1 Allgemeines

 

Rz. 1

Die Vorschrift enthält die Begriffsbestimmung des gewöhnlichen Aufenthalts natürlicher Personen, also des zweiten Anknüpfungspunkts für die unbeschränkte Einkommensteuerpflicht neben dem Wohnsitz.[1] Für juristische Personen und Personengesellschaften sind §§ 10f. AO maßgebend. Die S. 1 und 2 enthalten selbstständig nebeneinander Tatbestände, bei deren Vorliegen jeweils ein gewöhnlicher Aufenthalt anzunehmen ist.

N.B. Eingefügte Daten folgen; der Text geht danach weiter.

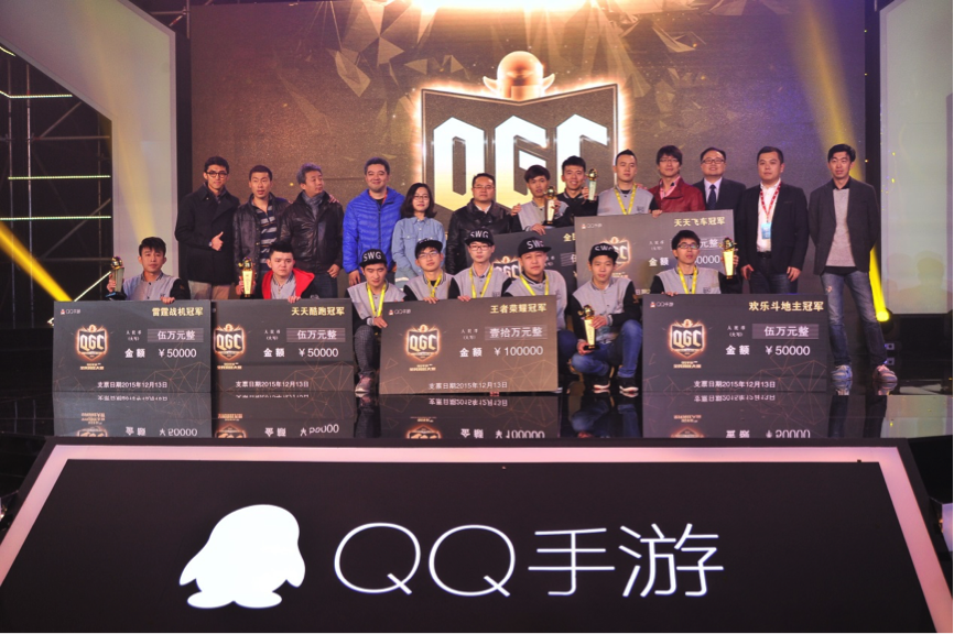 本届QGC总决赛分为两天进行,比赛项目涵盖了MOBA类、FPS类、竞速类以及棋牌类等当下移动电竞领域中的爆款游戏。其中,12月12日决出了四大个人单项冠军,分别为:《天天酷跑》赵根湘、《天天飞车》周俊元、《雷霆战机》黄世琳和《欢乐斗地主》张永杰;一项团体MOBA类项目冠军,《全民超神》不朽之翼战队。12月13日《王者荣耀》影战队获得冠军,《全民突击》单人冠军花落付绍新。

Da S. 2 zur Vereinfachung der Feststellung des gewöhnlichen Aufenthalts dienen soll und entsprechend einfacher strukturiert ist, bietet sich im Einzelfall eine Betrachtung zunächst der Voraussetzungen des S. 2 an, bei dessen Unanwendbarkeit dann die Prüfung des S. 1. Die Regelung des S. 3 für Aufenthalte zu nichtgeschäftlichen Zwecken entspricht derjenigen zum früheren § 14 Abs. 1 StAnpG geübten Handhabung nach dem RdF-Erlass v. 10.7.1939.[2] Die Ausnahmeregelung des S. 3 ergänzt zwar unmittelbar nur S. 2, ist aber auch für die Auslegung des gewöhnlichen Aufenthalts nach S. 1 zu berücksichtigen.[3]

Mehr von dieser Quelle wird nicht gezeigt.